Хорошо, хорошо, говорил себе Эрнст, я не скажу, я даже не подумаю, «GehGesunterHeit». Он вернулся к своей работе, внимательно выбирая слова, чтобы убедить Халстона остаться.
– Да, я понимаю, что ты хочешь уменьшить стресс, а не увеличить его, тратя большое количество времени и денег. Разумно. Но знаешь, есть кое-что в твоем решении, что озадачивает меня.
– Да, и что?
– Ну, я был предельно откровенен в вопросах необходимого времени и платы, и мы обсуждали это, прежде чем начали встречаться. Не было никаких сюрпризов, ничего не изменилось. Правда?
Халстон кивнул:
– Я не могу спорить с этим, доктор, вы абсолютно правы.
– Поэтому мне кажется, что есть еще что-то, помимо денежных и временных обстоятельств. Что-то, касающееся тебя и меня? Может быть, тебе было бы удобнее работать с темнокожим терапевтом?
– Нет, доктор, не то. Ложный след, как вы, американцы, говорите. Причина не в расовом различии. Вспомните, я провел несколько лет в Итоне и еще шесть – в лондонской школе экономики. Там было лишь несколько черных. Уверяю, нет никакой разницы, будет ли это черный или белый терапевт.
Эрнст решил предпринять последнюю попытку, чтобы потом никогда не упрекать себя за провал.
– Давай я поставлю вопрос иначе. Я понимаю твои доводы. Они разумны. Можно предположить, что это достаточные причины, чтобы остановиться. Я уважаю твое решение.
Халстон осторожно взглянул и легким кивком позволил Эрнсту продолжить.
– Мой вопрос в том, нет ли еще каких-то дополнительных причин? Я знаю многих пациентов – и они есть у каждого терапевта, – которые отказываются от терапии по причинам не совсем рациональным. Если у тебя такие же причины, мог бы ты рассказать хотя бы о некоторых?
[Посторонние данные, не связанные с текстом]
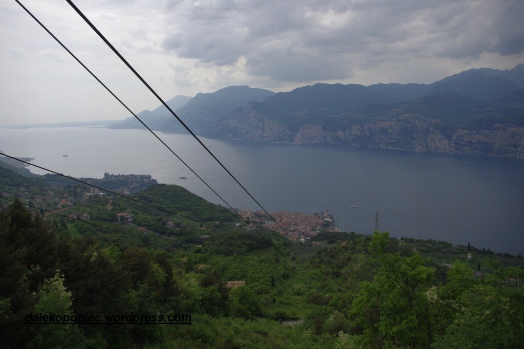 Jezioro jest najczystszym i największym jeziorem włoskim częściowo otoczone Alpami. Ta strona jest bardziej wietrzna i widowiskowa. Szczyty górujące nad jeziorem mają ponad 2000 metrów jak np. Monte Baldo z fajną kolejką linową gdzie cała gondola obraca się wokół swej osi i co ciekawe jest obsługiwana przez motorniczego ? stojącego koło Was.
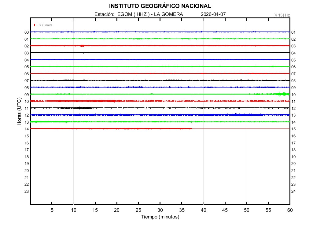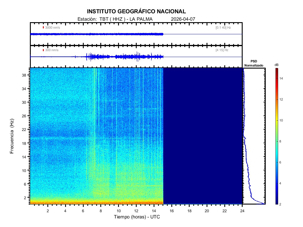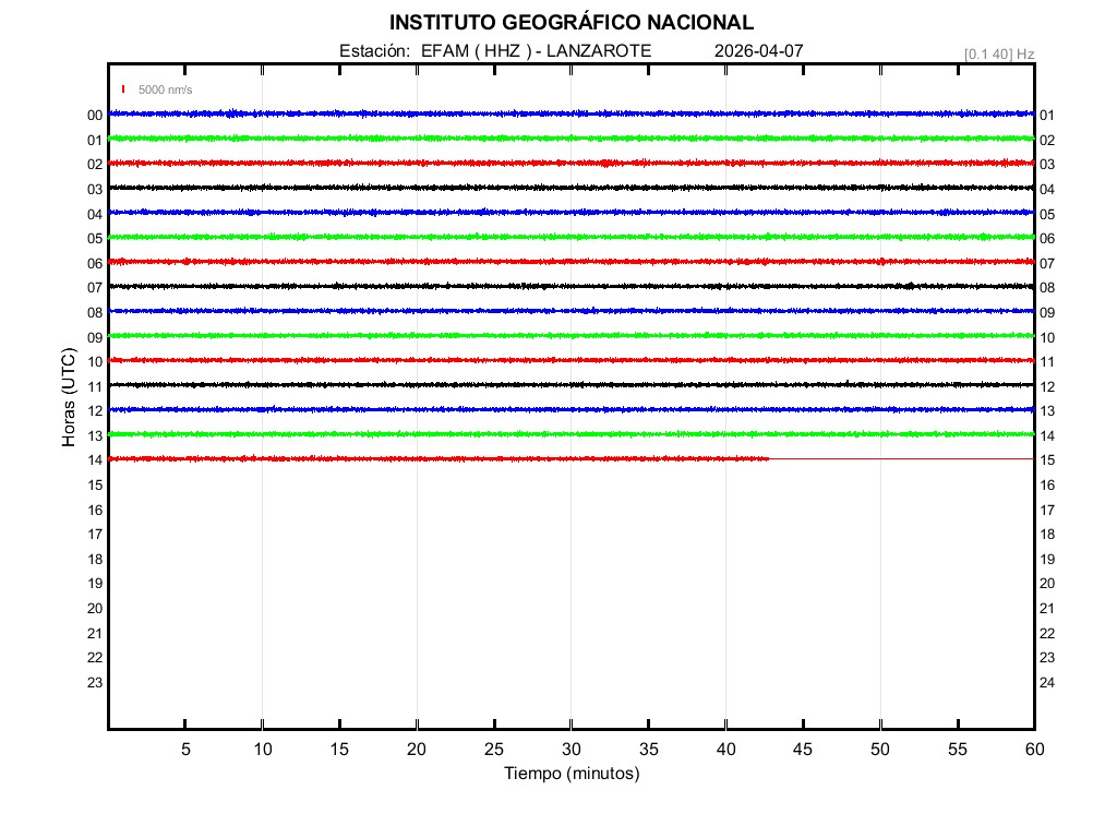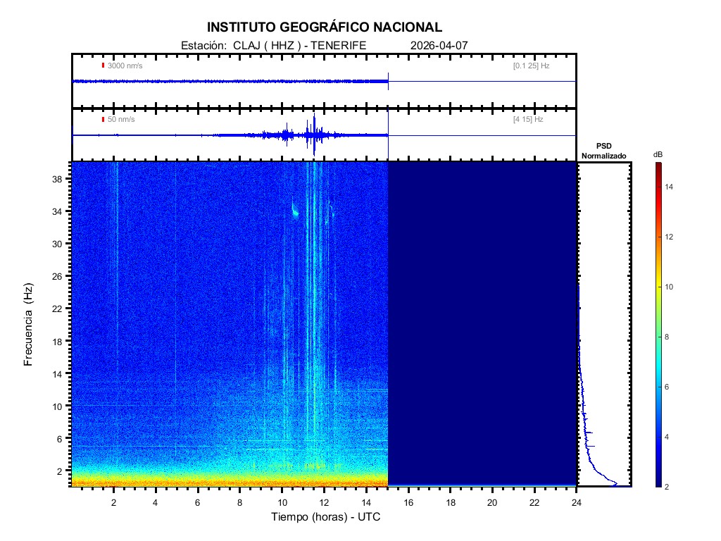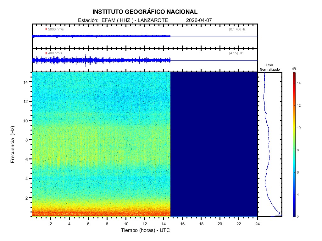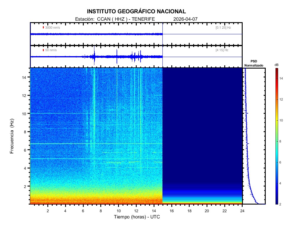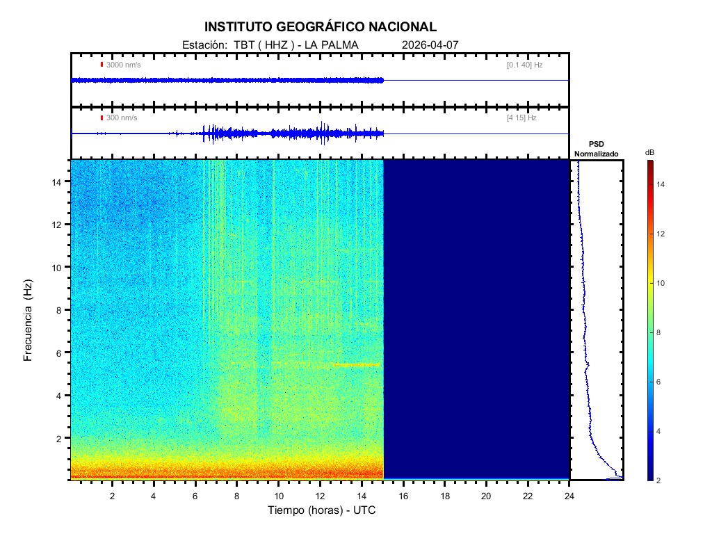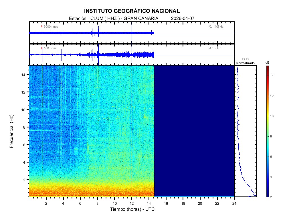 | 2026-04-07 | Forma de Onda (Filtro banda ancha) | Forma de Onda (Filtro corto periodo) | Espectrograma ([0 40] Hz) | Espectrograma ([0 15] Hz) | ||

Он остановился. Халстон закрыл глаза. Эрнст почти слышал приводимые в движение шестеренки мышления. Воспользуется ли Халстон случаем? Эрнст видел, как Халстон открыл рот – лишь щель, – как будто он собирался заговорить, но не проронил ни слова.
– Я не говорю о чем-то глобальном, Халстон. Хотя бы намек на другие причины?
– Возможно, – рискнул Халстон, – я посторонний и в этом кабинете, и в Калифорнии.
Пациент и терапевт сидели, молча глядя друг на друга: Эрнст – на идеальные ногти и серый костюм Халстона; Халстон, казалось, на неопрятные усы и белый свитер терапевта.
Эрнст решил попытаться отгадать.
– Калифорния слишком свободная? Ты предпочитаешь более формальный Лондон?
Есть! Движение Халстона головой было еле уловимо.
– А в этой комнате?
– И здесь тоже.
– Например?
– Никаких нарушений, доктор, но я привык к большему профессионализму, когда встречаю терапевта.